Utilizing VAMP-2 loss to capture the slowest dynamics within the hypersphere

Like in VAMPnets³⁷, the minimization of the VAMP-2 loss (${{{\mathcal{L}}}}_{{\mbox{vamp}}}$ in Eq. 1) ensures our TS-DAR model can capture the slowest dynamic modes underlying the conformational changes of interest.

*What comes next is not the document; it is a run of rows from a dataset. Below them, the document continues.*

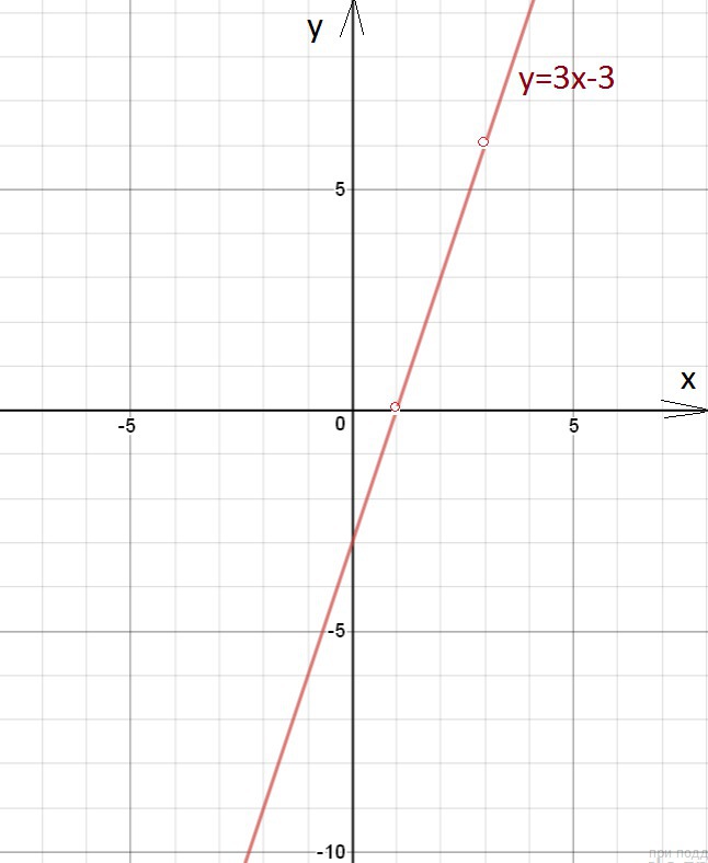 График данной функции совпадает с графиком у=3х-3 на области определения данной функции. На (-∞;0)U(0;3)U(3;+∞)
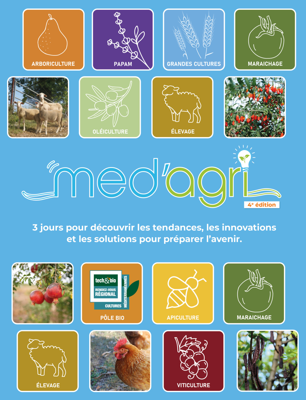 Le voile va se lever le 15 octobre prochain, à 9 heures, sur la 4e édition du salon professionnel de l'agriculture méditerranéenne, Med'Agri. Durant trois jours, les visiteurs auront accès aux dernières innovations et pourront rencontrer des professionnels sur les stands des exposants, au cours de conférences ou d'ateliers, pour relever les défis actuels, nombreux. Et aussi prendre un peu de bon temps en ces temps difficiles.
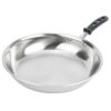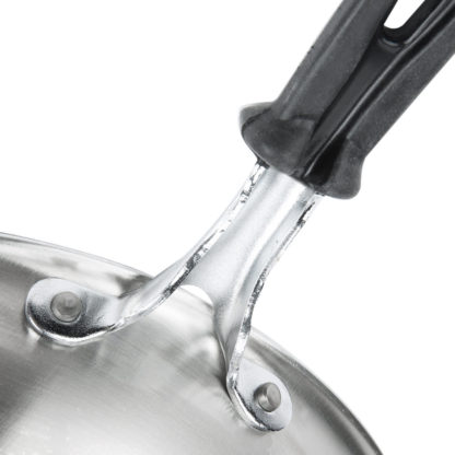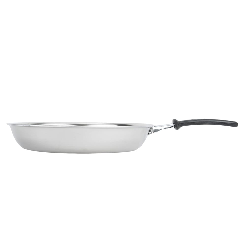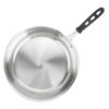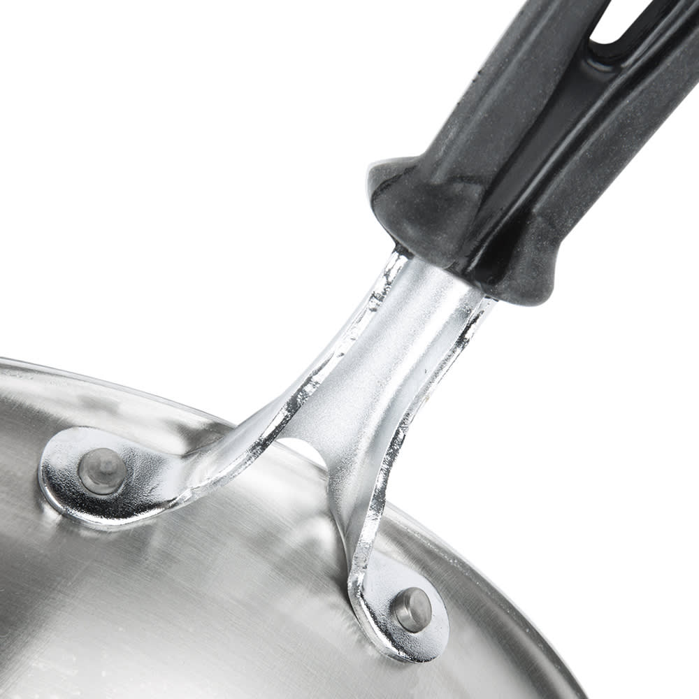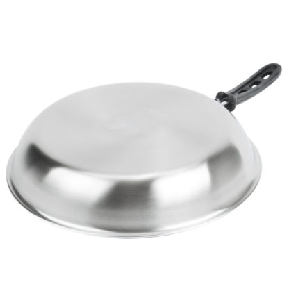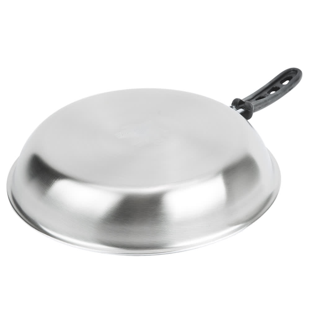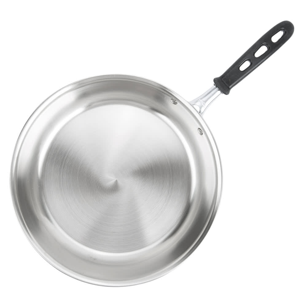 Three layers make up the Vollrath 69812 Tribute frying pan. An aluminum core ensures heat is evenly distributed, while the durable stainless steel interior and exterior are corrosion resistant. With a magnetic exterior, the pan can be used for induction cooking, ovens and ranges, while the handle sleeve remains cool and is secured with heavy-duty rivets.
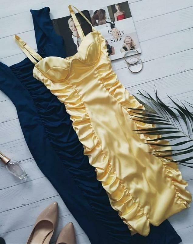 Дуже красиве атласне плаття жовтого кольору, з чашечками, з боків прикрашена сборочкой. Матеріал тягнеться. Сукня абсолютно новий, але без бірки Розмір 8. Напівобхват грудей - 34 див. Напівобхват талії - 26 див. Напівобхват стегон - 39 див Довжина - 93 див.

$${{{\mathcal{L}}}}_{{\rm{vamp}}}=-{\left|\left|{\bar{{{\rm{C}}}}}_{00}^{-\frac{1}{2}}{\bar{{{\rm{C}}}}}_{01}{\bar{{{\rm{C}}}}}_{11}^{-\frac{1}{2}}\right|\right|}_{F}^{2}-1$$

(1)

where ${\bar{{{\rm{C}}}}}_{01}$ represents the time-lagged correlation matrix, ${\bar{{{\rm{C}}}}}_{00}$ and ${\bar{{{\rm{C}}}}}_{11}$ denote the time-instantaneous covariance matrices at time $t$ and $t+\tau$ ($\tau$ is the lag time). The details for computing these correlation matrices are presented in the Methods section. According to this property, the SoftMax outputs from TS-DAR can provide optimal state assignments that are aligned with the free energy basins, allowing the on-the-fly labeling of MD conformations during the training. In addition, with the help of the VAMP-2 loss function term, the hyperspherical latent representations in the trained TS-DAR model can retain all relevant kinetic geometries and compact the conformations on the hypersphere in terms of their kinetic metastability. This is demonstrated by the latent space representation of the Müller potential (Fig. 2d), where the three identified free energy minima and their order of connection correspond precisely with the arrangements of the three energy basins of the Müller potential (Fig. 2c). Additionally, we observe that the hyperspherical latent space effectively condenses MD conformations into three distinct clusters, each corresponding to a specific metastable free energy basin. For instance, the largest free energy basin (basin 1 in Fig. 2a) has been more significantly compressed compared to the other two basins due to its large metastability, resulting in a small but deep free energy minimum in the latent space (Fig. 2b). We attribute this observation to the presence of a sole fully connected layer extending from the latent bottleneck to the outputs, compelling the latent representations to optimally capture the slowest dynamics through the VAMP-2 loss. This design of the penultimate layer for representation learning has already exhibited considerable promise in diverse deep learning fields ranging from computer vision to natural language processing^66,67. Finally, to elucidate the distinct roles of the VAMP-2 and dispersion terms in the loss function, we conducted a control experiment by omitting the dispersion loss. The aforementioned observations remain the same despite the absence of the dispersion loss (Fig. 2e, f). However, it is noteworthy that the three free energy basins exhibit uneven distribution in the latent space when the dispersion loss is excluded. Further discussion on this point will be presented in the next section.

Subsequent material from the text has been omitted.